Friday, October 12, 2007

Faux Car-Jackings & Emotional Breakdowns

The following is a TRUE STORY.

I got off the Metro at 8:00 p.m., on the dot, & proceeded to realize that my car was absolutely absent from the parking deck. I wandered the oddly constructed maze of a structure for 20 minutes before retreating nervously to the station manager's office to report, "I can't find my car." He called the cops, & I retreated up the escalator to wait... where I promptly burst into uncontrollable tears.

A good Samaritan who witnessed my tearful outburst stopped to console me, asking for details & helping me deduce what could possibly have happened. Because I'm moving into my new apartment tomorrow, my car was packed with a ton of my stuff. As I was quite sure I hadn't parked illegally, warranting a tow, I assumed the worst - someone had spotted the new Target trash can & the Black & Decker toaster over in my back seat & made off with them in my beloved Sylvia the Civic. "That's it," I conceded. "Stolen."

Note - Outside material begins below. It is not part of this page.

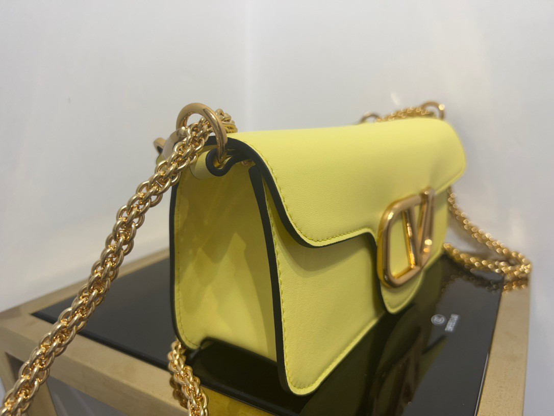 The prominent construction, enriched by the padded workmanship and the smooth leather contributes to the minimal elegance of the Valentino Garavani Loc?? bag. The possibility of detaching the handle by transforming the shoulder bag into a clutch also gives the bag the perfect versatility and functionality for a contemporary lifestyle. Playful but with a retro appeal, this compact bag features a flap with a VLogo Signature clip closure.

I made a few more laps to look for the car, hyperventilating as I tried to tell The Samaritan what was happening - no luck. When I returned to the station area to wait for the police, the good Samaritan returned, this time with her husband & children. Her husband helped me locate an address for the towing company, which reported that they had not, in fact, taken my vehicle today. While I kept waiting for the 5-0, the Samaritan Fam took off in their own vehicle to circle the lot and make sure I hadn't missed mine.

The Attractive Cops showed up, where I burst back into tears & explained my situation. They assigned me to sitting & waiting for the Samaritans to return while they, too, walked the lot in search of dear old Sylvia --- just in case. As I sobbed to my mother on my cell & caused quite the ruckus within the station area (people were staring, I was ignoring), Mr. Samaritan gave me a little ring & said, "Your car is in 2D. We're here with the police."

Attractive Cop Numero Uno retrieved me from my waiting post & we trekked to 2D, where Attractive Cop Numero Dos was standing next to Sylvia, who was still packed with my toaster oven & my various other belongings, thank heavens. Mr. Samaritan called one more time to be sure everything worked out all right - I thanked him & the Metro PD profusely, & called my mother to reassure her that no, my car had not been jacked in the 'burbs of Maryland.

Moral of this story??? I'm a tool, yes, but you already knew that. The real moral is this: I AM MOVING TOMORROW, & I COULD NOT BE ANY HAPPIER THAT I NEVER HAVE TO DRIVE MY CAR TO THE GLENMONT METRO STATION EVER AGAIN.